Some ninety percent of visitors reach only the south rim of the Grand Canyon, but with 277 river miles, and some one million and a quarter square miles of park, there’s plenty to see. Just consider that even driving 3 hours to the east will still leave you only at the South Rim still, though a much unvisited spot of it, no doubt. To catch a little more of the Grand Canyon, consider a drive to the south rim’s east entrance, towards Desert View, and it’s Watchtower.
Desert View offers exceptional contiguous views of the Colorado River as it turns from the north to the west. As well as wonderful expressions of canyon geology, with most all of the visible rock layers visible at this one point. To your east you will see the expanse of the Painted Desert (as promised by the name), and to the south a view of the San Francisco Peaks of Flagstaff. The tower itself was designed to reflect the towers of the Puebloan peoples, yet this tower far dwarfs any towers built by these peoples. The design features unfinished masonry, as well as Hopi art, petroglyphs and pictographs internally.

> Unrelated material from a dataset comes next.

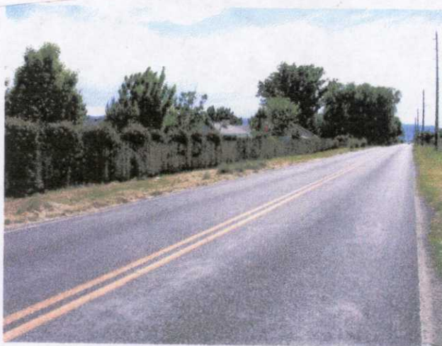
VIEW FROM 7 1/2 ROAD

Getting there encompasses a 22 mile drive from/to the Grand Canyon Village of the South Rim. With views of the Grand Canyon available along the way, with periods of beautiful forest drives as well. Doing an out and back from the Village is pleasing, but it is also possible to run it as a loop, should you be heading north to Page, or south to Flagstaff. Either producing an “L” shape towards or from Page, and a lap starting and ending in Flagstaff. While counterclockwise, or clockwise are mostly inconsequential, my personal preference is counterclockwise. As you will avoid the dominance of traffic into the park, and the views, and pull-offs, from the Desert View are complimented by being on that side of the road.
The Desert View Watchtower was designed by Mary Colter, and construction was completed in 1933, making it a National Historic Site.